All communication to the upstream ACME server is logged using Python's standard
`logging` module.
module: `peter_sslers.lib.acme_v2`
* log level: `logging.info` will show the raw data received
* log level: `logging.debug` will show the response parsed to json, when applicable
**THIS PACKAGE IS EXTREME TO THE MAX!!!**
Do you like cross-referencing? Your certs are broken down into fields that are
cross-referenced or searchable within Peter as well.
*Peter has absolutely no security measures and should only be used by people who
understand that.* This should be a self-selecting group, because many people will
not want this tool. Peter is a honeybadger, he don't care. He does what he wants.
Peter offers several commandline tools -- so spinning up a tool "webserver" mode
may not be necessary at all -- or might only be needed for brief periods of time.
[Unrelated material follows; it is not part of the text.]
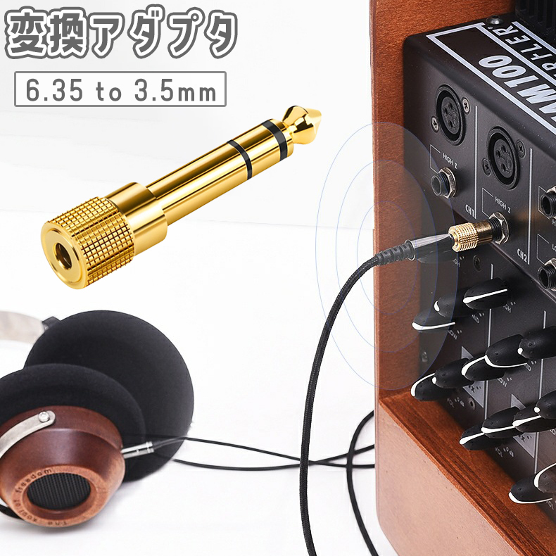 変換アダプタ 6.35mm to 3.5mm 変換プラグ ミニプラグ ステレオ コネクタ アダプター イヤホン ヘッドフォン ジャック オーディオ ギ

SQLAlchemy is the underlying database library, so virtually any database can be used
(SQLite, PostgreSQL, MySQL, Oracle, mssql, etc). `SQLite` is the default, but
the package has been deployed against PostgreSQL. SQLite is actually kind of great,
because a single `.sqlite` file can be sftp'd on-to and off-of different machines
for distribution and local viewings.
Peter only uses the Cryptography package, support for PyOpenSSL was dropped.
How?
-----
There are 2 main libraries:
* The paired
[Lua-Resty Peter_SSLers](https://github.com/aptise/lua-resty-peter_sslers)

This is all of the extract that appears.